Crimes are, obviously, violations of a rule. They are ultra vires acts as they offend a law or a rule of equity. Coercing an employee into a sexual relationship is a civil offense, an exercise of authority ultra vires. It is legally actionable. Slander violates the eighth commandment against theft, and one can seek redress and restitution against one who damages one’s good name. Perjury is a crime because courts cannot function without the truth. The TBI investigation of prosecutor Steve Bebb focuses on the ultra vires prospect, as it is alleged he acted privately in the state’s name.
A visitor’s reproach
An elder at church, Vaughn Hamilton, explains the right use of authority as follows. Say you invite me into your house and we are sitting over glasses of iced water in your living room. We have a pleasant chat. Suddenly, your son appears and “acts up,” as the saying goes. I clunk down my glass on the coaster, grab the boy, grab a glue stick from over the door jamb, haul him down the hallway to his room and spank him for being disrespectful to his parents.

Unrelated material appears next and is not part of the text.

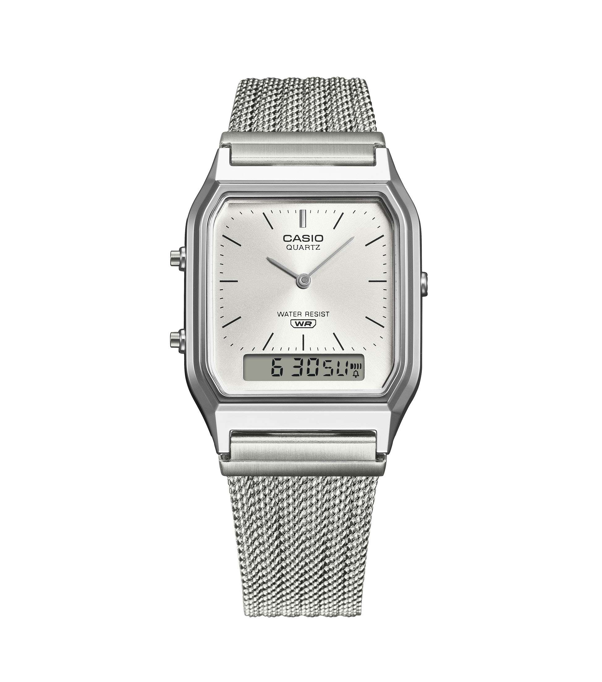 Casio Herrenuhr Unisex Analog-Digital Alarm Stopp Mesharmband AQ-230EM-7AEF

You are aghast. You rush to intervene — not as against your offspring’s sin, but to wrest from your visitor the authority he has stolen from you.
I have offended because I acted ultra vires. My deed lack lawful basis. I lack jurisdiction. Without law (juris), I am speaking (diction) simply on my own, without sanction
It’s possible that neither Republicans nor Democrats would berate me for my breach against you. Since my act is a personal affront, they might berate my spanking your son. But in a national scale or in principle neither the Democrats nor the Grand Old Party respects the idea of jurisdiction. If a public good is sought, we will bring it about. Amid a wave of nausea I am reading parts of the Democratic party platform to find a juicy phrase that suggests how the controlling political parties operate.
In a section called “Middle Class Bargain,” there is the following about community colleges.
We Democrats also recognize the economic opportunities created by our nation’s community colleges. That is why the president has invested in community colleges and called for additional partnerships between businesses and community colleges to train two million workers with the skills they need for good jobs waiting to be filled, and to support business-labor apprenticeship programs that provide skills and opportunity to thousands of Americans.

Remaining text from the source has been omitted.